Moreover, in the code in question, it is also being used to combine hashes for which this hash function is very poor. There should probably be a separate hash function for that purpose. IFAICT, DJB2 is a very simple hashing for strings.

rmlarsen · 2024-02-06T19:17:09Z

kernel/rtlil.h

@@ -712,7 +712,7 @@ struct RTLIL::Const
 	inline unsigned int hash() const {
 		unsigned int h = mkhash_init;
 		for (auto b : bits)
-			mkhash(h, b);
+			h = mkhash(h, b);


good catch!

QuantamHD · 2024-02-06T19:21:19Z

For reference on the state of the art.

povik · 2024-02-06T19:24:59Z

DJB2 didn't make the leaderboard? Notwithstanding we are probably using it wrong in the changed opt_merge code and in few other places in hashlib.h.

whitequark · 2024-02-06T19:30:27Z

Ideally we would have 64b hash be the default on 64b architectures, but we need to maintain the option of 32b hashes for smaller/slower architecture targets where the performance hit matters (people running yosys on an older raspi are still a thing, and then there's that proof-of-concept someone made of a softcore doing synthesis to partially reconfigure the FPGA it is running on, which we want to enable just for the heck of it).

Has anyone actually benchmarked this and found that the hash function is an issue? Or is this conjecture?

rmlarsen · 2024-02-06T19:37:04Z

Ideally we would have 64b hash be the default on 64b architectures, but we need to maintain the option of 32b hashes for smaller/slower architecture targets where the performance hit matters (people running yosys on an older raspi are still a thing, and then there's that proof-of-concept someone made of a softcore doing synthesis to partially reconfigure the FPGA it is running on, which we want to enable just for the heck of it).

Has anyone actually benchmarked this and found that the hash function is an issue? Or is this conjecture?

It is not a hotspot in my benchmarks, but this was measured on Intel Skylake x86_64. The main issue in this context was the poor hashing, which caused a significant number of hash collisions. But I think Martin fixed the primary source of that (lack of hashing of constants).

povik · 2024-02-06T19:52:25Z

I assume Catherine's question was about hashing in general all over Yosys code, and the associated dict<> and pool<> operations which consume the hashes. Was that what you looked at, Rasmus, or did you mean opt_merge specifically?

But I think Martin fixed the primary source of that (lack of hashing of constants).

FWIW the poor properties of mkhash contributed the most in my testing, which went away when I inserted mkhash_xorshift64 in few key places in the PR here. It may not be the best approach but it's at least something we can improve on.

rmlarsen · 2024-02-06T20:04:19Z

I assume Catherine's question was about hashing in general all over Yosys code, and the associated dict<> and pool<> operations which consume the hashes. Was that what you looked at, Rasmus, or did you mean opt_merge specifically?
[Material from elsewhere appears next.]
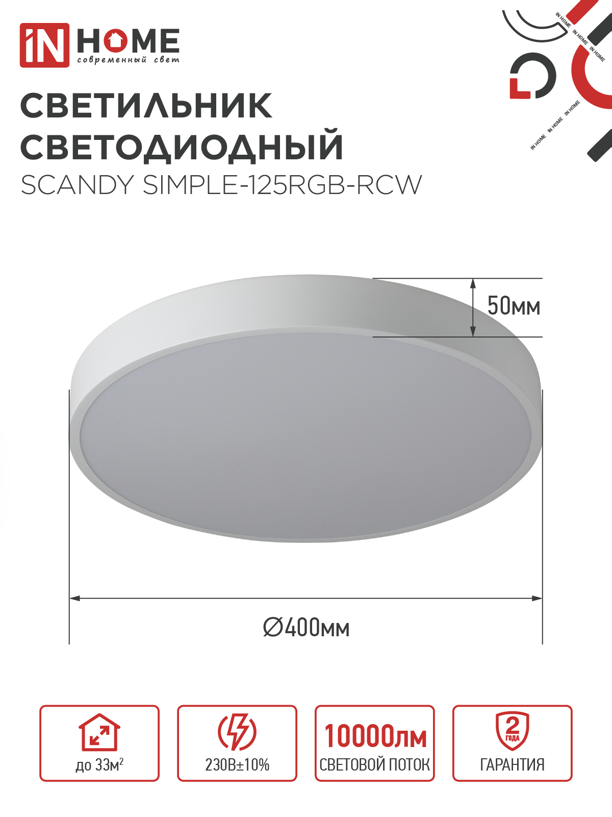 Светильник светодиодный SCANDY SIMPLE-125RGB-RCW 125Вт 230В 3000-6500K 10000Лм 400x50мм пульт ДУ белый IN HOME
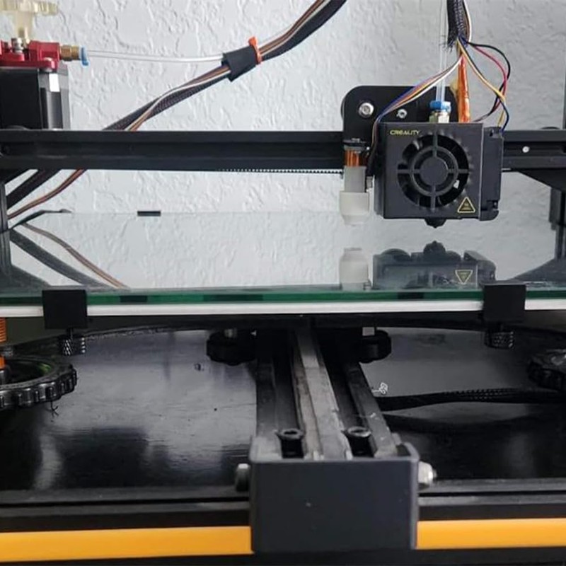 - Each 3D Printer Ender 3 Glass Bed Clips is made of aluminum alloy material, light and sturdy; The U shaped notch design can make a better fixing effect and make the glass bed difficult to slide,The thickness of the clamping platform is 3mm-9mm.

But I think Martin fixed the primary source of that (lack of hashing of constants).

FWIW the poor properties of mkhash contributed the most in my testing, which went away when I inserted mkhash_xorshift64 in few key places in the PR here. It may not be the best approach but it's at least something we can improve on.

Ah yes. Hash table manipulation in general (but not mkhash) still dominates the profile. Top of "Bottom up view":

FWIW, we turned on more ABC passes since my original PRs, so ignore those. But in yosys proper, the largest time sinks are hashing related.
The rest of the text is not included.